The last two weeks have been absolutely awful. The IOmega NAS I mentioned in a previous post had a large number of things go wrong with it all at the same time, resulting in complete failure and total data loss. This also meant a significant amount of down time for a client and ridiculous amounts of stress for me.

The good thing to come out of it was the performance of ShadowProtect. This backup solution far exceeded my expectations to the point where once the recoveries were completed we had only lost 10 minutes of work. Very little data was realistically lost, only time as we worked to recover it. The Recovery Environment was easy to use and the Hardware Independent Restore allowed me to recover virtual machine from VMware 4 ESX to VMware Player, a physical machine and also to XenServer 6.2 quite a remarkable feat really. I've had this client running in borrowed hardware for a week while we get new gear in.

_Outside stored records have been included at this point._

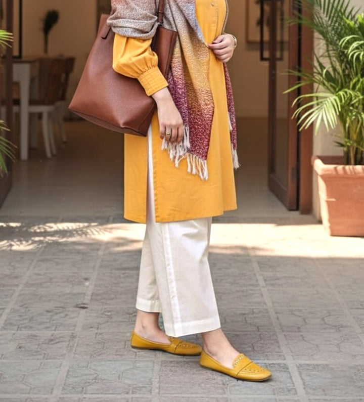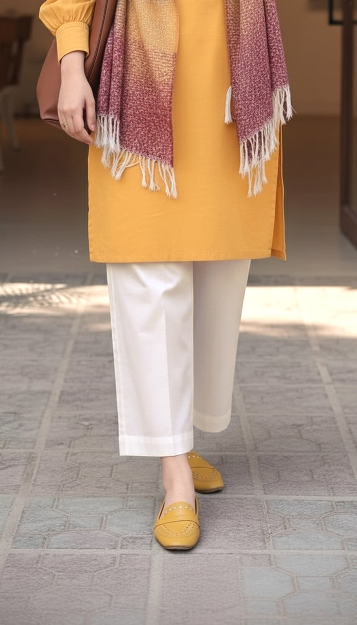 Soft Yet Stylish, This SAYA Unstitched Dyed Cambric Trouser Fabric In Off White Offers A Refreshing Base For Tailored Trouser. The Cambric Fabric Features A Fine Plain Weave With A Smooth, Crisp Handfeel — ideal for pieces that require structure without sacrificing comfort. The solid Off White hue brings brightness and versatility, allowing it to pair seamlessly with printed shirts or contrasting tops. Supplied unstitched, it gives you full creative freedom over the cut, fit, and finish of your garments.
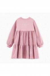 Ярусное платье с романтичными рукавами нежного розового оттенка. Модель комфортного А-образного силуэта. Воротник и рукава из рибаны. Изделие из тактильно приятного микровельвета. Декорировано дизайнерской DTF печатью на водных экологических красках.
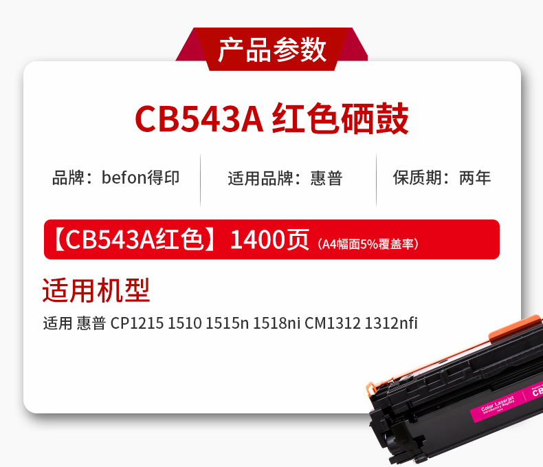 得印 CB543A硒鼓 惠普HP CP1215 1510 1515n 1518ni 单位:支 红色

The snapshot capability, ease of restore and simply replication of backup files makes ShadowProtect a real winner. Check it out! 

Saturday 4 January 2014

Experiences with the IOmega ix12 NAS

One of my clients has an IOmega ix12 - a rack mounted, 12x3.5" bay NAS. This one in question is running 2.6.5.something firmware and has (or should I say had) 8 x 1TB disks in it. Today it dropped another one. The NAS has been set up with a RAID10 with total storage of 2TB (1.5 or so in reality). Although it has this redundancy, I can assure you it's not all that it's cracked up to be. In the main storage pool is a number of iSCSI drives shared out with various ESX servers. Sadly, the largest and most important of these iSCSI drives has an unfortunate tendency to vanish whenever there is a disk issue.

Today one of the drives failed. No big deal right? RAID10 is tolerant of such faults usually. This one kept going except for the aforementioned large drive that disappeared like magic. After replacing the disk, impatiently waiting for it to rebuild and then attempting to reconnect the iSCSI drives I realised I still couldn't see it. The fix? Turn the NAS completely off, count to 30 and turn it back on again. Once it booted, just like magic everything reappeared. Be wary of this. My previous post was the precursor to this. Finding out the actual issue is still to be completed.

I'm concerned about upgrading the firmware because the backups, while reliable, are never straightforward to recover and I'd hate to have to recover so many disks. Its a job for next week I reckon.

Friday 3 January 2014

VMware nightmares

After a great couple of days away I was called urgently to work - one of my client's networks was down and my colleague was stuck. The VMsphere client couldn't see the hosts, which couldn't see their datastores and the network had zero stability. Yay. Just wanted I wanted to come home to.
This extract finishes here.